        Free Trade Area Americas (FTAA) talks ended early in Miami after ministers from 34 countries accepted a watered-down proposal in order to save the talks from total collapse. All that was agreed was to scale back the FTAA’s scope.
        Seventy people were arrested and dozens injured at large-scale demonstrations staged against the FTAA summit.
        More than ten thousand union members from across the country marched through downtown Miami to protest the meeting where some 2,500 police officers from more than two-dozen law enforcement agencies had converged.

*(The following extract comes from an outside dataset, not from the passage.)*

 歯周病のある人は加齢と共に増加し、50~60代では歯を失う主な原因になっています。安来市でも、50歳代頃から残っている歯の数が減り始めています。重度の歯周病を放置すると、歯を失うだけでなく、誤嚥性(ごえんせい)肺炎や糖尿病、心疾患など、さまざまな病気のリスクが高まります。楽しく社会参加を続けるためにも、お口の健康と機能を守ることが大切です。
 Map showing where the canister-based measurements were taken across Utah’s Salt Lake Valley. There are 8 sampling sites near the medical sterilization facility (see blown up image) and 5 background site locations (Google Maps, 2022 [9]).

        The first problem is obvious. The marchers out numbered the police. The second problem is also obvious. Riot control was entrusted into the hands of 2,500 intermingled police officers who are not accustomed to working together, much less under the same commanders. The third problem is not so obvious.
        Police officers throughout America have become accustomed to being the law. When too many of them are gathered in one place, police brutality is absolutely predictable.

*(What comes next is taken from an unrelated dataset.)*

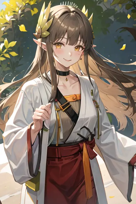 触发词为 muelsyse_arknights,精简标签为 long_hair, pointy_ears, mole, mole_under_eye, yellow_eyes, very_long_hair, brown_hair, laurel_crown。当某些特征(例如发色)有时不够稳定时,您可以将这些标签添加到您的提示词中。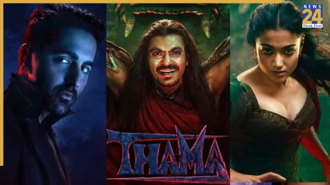 Thama Teaser Anyalsis Malaika Arora surprise: मैडॉक फिल्म्स का नाम आते ही दिमाग में सबसे पहले स्त्री, भेड़िया और मुंजिया की दुनिया सामने आती है. इस यूनिवर्स की फिल्में दर्शकों के दिल में खास जगह बना चुकी हैं। भेड़िया, मुंजिया, स्त्री और स्त्री 2 की जबरदस्त कामयाबी के बाद अब दिनेश विजन एक नई फिल्म लेकर आ रहे हैं, जिसका नाम है ‘थामा’। इस फिल्म में आयुष्मान खुराना और रश्मिका मंदाना लीड रोल में नज़र आ रहे हैं। मंगलवार को फिल्म का टीजर ड्राप कर दिया गया है, जिसे देखकर लग रहा है कि ये फिल्म दर्शकों को रोमांस, हॉरर और एक्शन का अनोखा कॉम्बिनेशन देने वाली है।

        Large gatherings of any kind in America ought to anticipate police brutality. It is here to stay in those kinds of situations particularly when a police department feels threatened by protesters, and when they disagree with the protest.
        The demonstration was apparently peaceful, yet it was marked by extraordinary police brutality against demonstrators. Why? The I am boss attitude among police nationwide plus the fact the officers were intimidated by such a large multitude.
       
Police forces repeatedly deployed
on the streets of Miami throughout the day
fired rubber bullets and tear gas
at demonstrators. Many were injured as police
used both concussion grenades and stun guns
outside the hotel where the FTAA summit was taking place.
        The closer the marchers got to the hotel, the more danger they faced at the hands of those who are entrusted with the enforcement of law not the violating of it.
        Democracy Now! correspondent Jeremy Scahill was shot twice with rubber bullets, as was independent filmmaker John Hamilton who was working with Democracy Now! in Miami.
        Once again, from one end of the nation to the other; we see police departments with no respect whatsoever for the media. Police are threatened by the media for obvious reasons. When the police are out in force brutalizing the public, they don't want media coverage of their transgressions.
       
In recognition of this trend to destroy freedom of press in
America, laws are needed to guarantee police protection and the
use of armoured vehicles by the press to guard them in violatile
situations like marches and protests.